Trial design was only analysed for Phase 2/3 and Phase 3 trials – but trial design is also important for earlier phase trials (albeit criteria may be different)?

‘We considered a trial to be well-designed if it was randomized, placebo-controlled (with appropriate standard of care in all arms), double-blinded and included participants aged 60 years or over (as a proxy for an at-risk population)’ What if a trial had an active control? Would that not be considered well-designed?

It would have been good to look at each trial design criterion separately in each trial (and not just the ones that satisfied previous requirements), to get an assessment of how well each design feature was fulfilled in those trials.

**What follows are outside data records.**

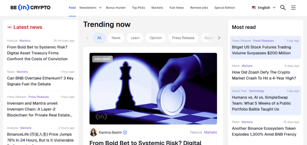 Founded in 2018, BeInCrypto, with over 2.2 million monthly visits, is a global crypto news platform known for its multilingual coverage and commitment to transparency. It offers a mix of breaking news, educational content, interviews, and market analysis tailored to both beginners and professionals.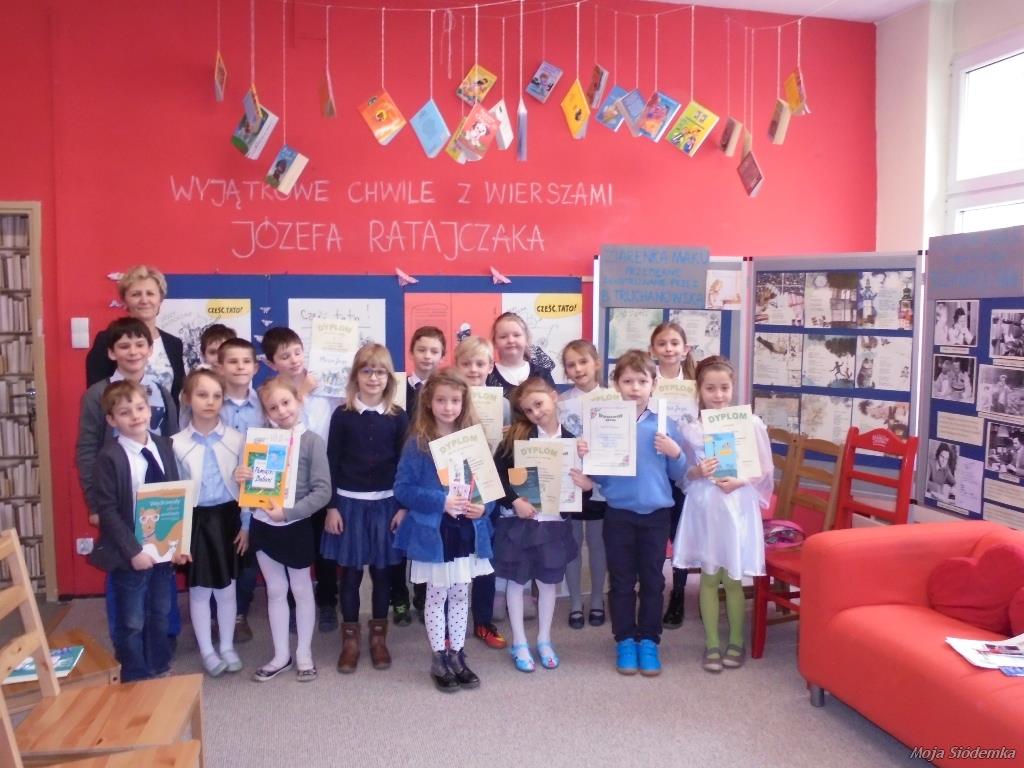 14 marca w bibliotece naszej szkoły po raz siedemnasty odbył się finał międzyszkolnego konkursu recytatorskiego dla klas 1-3. W tym roku szkolnym do konkursu zgłosiło się 6 szkół z dzielnicy Grunwald. Podczas konkursu zaprezentowali się najlepsi recytatorzy ze Szkoły Podstawowej nr 74, nr 80, nr 88, nr 90, nr 4 i nr 7.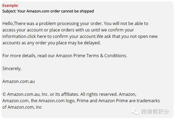 上个月,英国经历了史上最大的一场网上银行钓鱼诈骗,日前,准备开始进行黑五促销的亚马逊,也成为了诈骗犯攻击的对象。 速猫从英国媒体近日的报道中了解到,亚马逊英国站黑五促销于11月14日拉开帷幕,然而英国在线安全小组Action Fraud提醒消费者警惕圣诞购物季的邮件诈骗。 这些诈骗邮件看似来自亚马逊,但Action Fraud提醒消费者不要打开邮件,也不要回复。据了解,这些邮件内容称,由于订单处理出错,无法进行配送,要求消费者点击邮件里的链接进行确认。这些属于钓鱼邮件,目的是为盗取用户的个人和财务信息。 由于亚马逊平台受众广泛,黑五促销正在进行中,预计会有很多下单的买家收到钓鱼邮件,某些消费者稍不注意很有可能成为受害者,损失金钱。 以下为钓鱼邮件示例: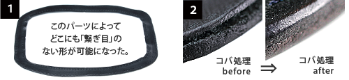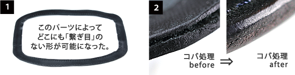 Alt81が特にこだわったのが2つの「継ぎ目」を無くしたところ。まず1つめは通常の作りでは主役のステマチに発生してしまう「継ぎ目」。これは贅沢にも中心をくり貫いたパーツを使用することで解決させた。ステマチを作ると発生する継ぎ目は目立たないところにもっていくのが一般的だが、ペンケースという商品の特性上、どこに配置しても目立ってしまう。贅沢にも大胆に、この中心をくり貫いたパーツを使うことでどこにも継ぎ目が現れない形を実現させた(※写真下①)。もう1つの「継ぎ目」はこの中心をくり貫いたパーツと表版の革を貼り合わせた断面(コバ面)のこと。このコバ面を何度もペーパー掛けを行い丁寧なコバ処理を施し、貼り合わせた時に出る継ぎ目を無くした(※写真下②)。ペンケースという人の目にも、自分の目にも触れやすいものだからこそ、細かいところにこだわった。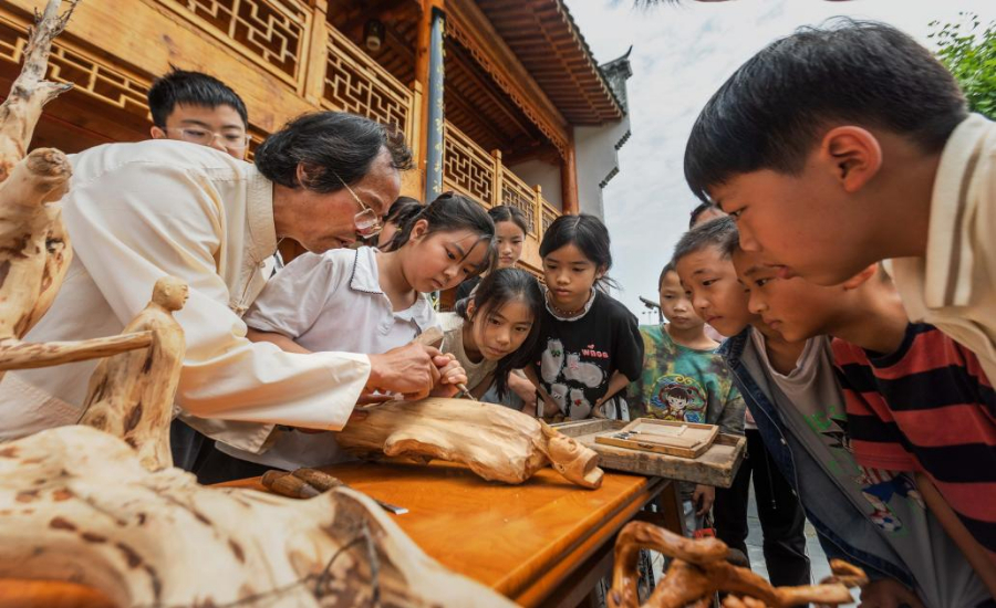 永新县非遗传承人汪擎昊在莲洲书院进行木雕技艺授课。图片来源:江西文明网

Feasibility of Patient-Participant Recruitment:

How would a trial that stopped early for effectiveness be assessed here? Also, from our experience of managing a registry, many registrants do not update their registration records even if they have finished recruiting, thus, a trial may have long finished recruitment and still be listed as ‘recruiting’. Do the authors have information on how many of the trials have updated their records?

Table 1: Characteristics of trial cohort. If possible, it would be great to include some additional information on the trials, such as target sample sizes and included populations.

Discussion: I would be interested in a more in-depth discussion of what needs to change on a structural level in future to improve trial informativeness, particularly in the context of health emergencies.

Reviewer #4: 1. Was the sample of exactly 500 arrived at purely by chance? If so, please make it clear that this was not a predetermined number.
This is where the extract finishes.